In communications, a code is a rule for converting a piece of information into another form or representation, not necessarily of the same type. In communications and information processing, encoding is the process by which a source performs this conversion of information into data, which is then sent to a receiver, such as a data processing system.
Wikipedia

"Code is the only language that is executable.",
Lev Manovich

ABOUT UNEXPECTED TOKEN

In January of 2006, twelve students and two instructors at the School of the Art Institute of Chicago began a fourteen-week investigation of the practice of programming for art.   According to Whitney curator Christiane Paul, code is the "paint and canvas" of the digital artist.   Yet code transcends traditional mediums because it enables artists to write their own tools as artist Woo Young Chong has done in her piece, 50 brushes for the night sky .

The Unexpected Token exhibition presents a glimpse of the process of learning how to sketch in code.   Several artists resisted the utopian possibilities of clean display and rapid calculation offered by the computer.   Eunhye Chung transposes her daytime habit of obsessively doodling circular forms by avoiding loop syntax and hand-coding each digital ellipse.   Joshua Shanholtz builds an analog random number machine to avoid the computer's flawed process of generating random number seeds.   Matthew Nelson creates an interactive system in which visitors to the gallery contribute to a ever-expanding wall collage of machine-generated scribbles.

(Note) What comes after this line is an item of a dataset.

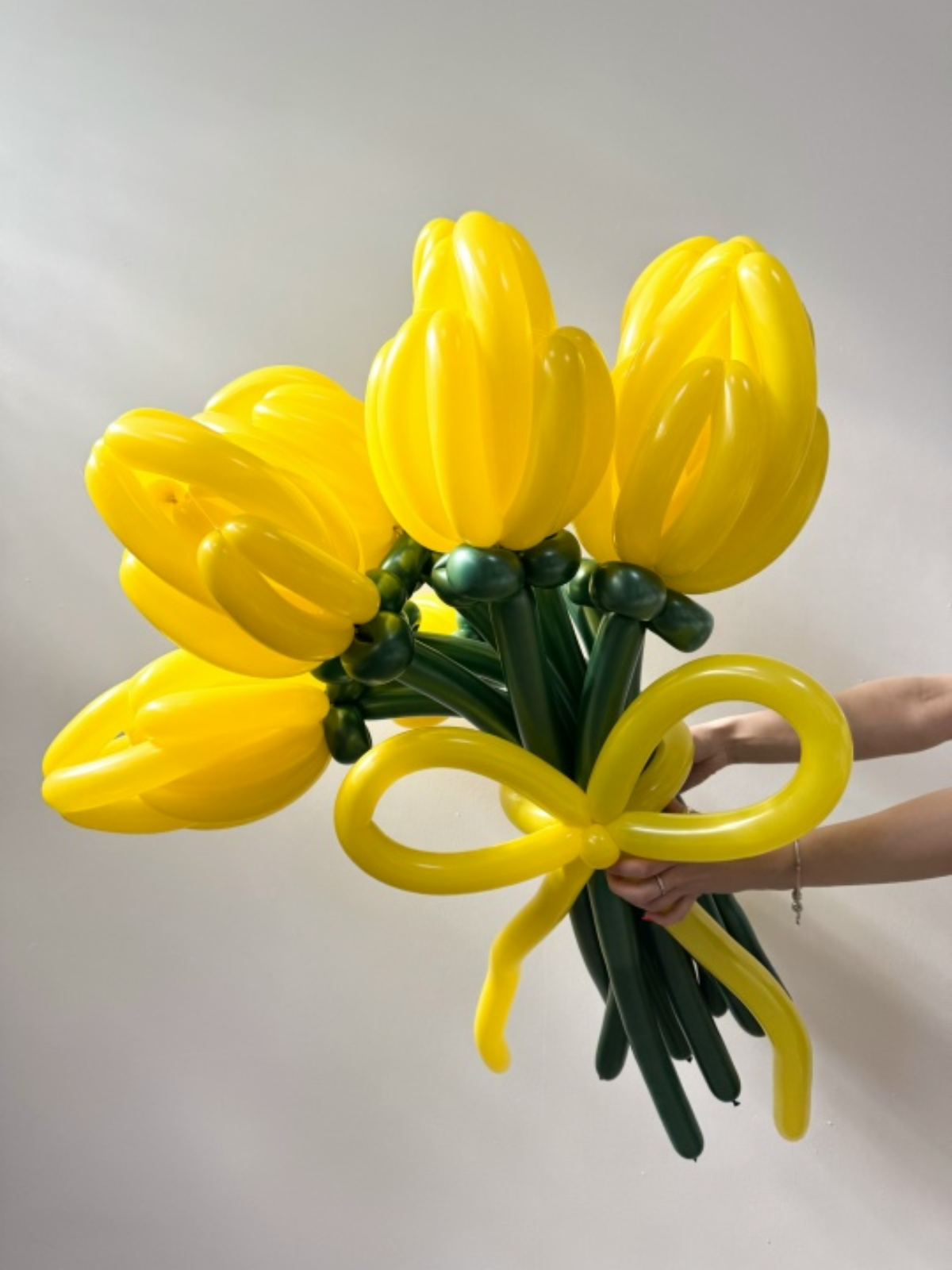 Букет из шаров «Солнечные тюльпаны» — оригинальный подарок, выполненный по специальной технике из шаров для моделирования. Такая композиция выглядит необычно, аккуратно и празднично, поэтому отлично подходит для яркого поздравления и красивого сюрприза.

Code can be a form of creative writing.   Seth Hunter and Nancy Kim visualize and animate text with code. Si Nae Kim reprograms the text of a social security number in full color.   Two artists here explore abstracted narrative with code: Andrew Hicks recreates an abstracted narrative of aging while Emily Kuehn invites the viewer to sonically engage with a virtual hysteric.   Both Philip Granke and Andie Giafaglione explore code as a method of making simple text-based rules incredibly complex when iterated over time or remixed with subtle changes.  

This exhibition provides a glimpse into each of our processes over the course of the semester.   Please explore, participate and enjoy the work presented here.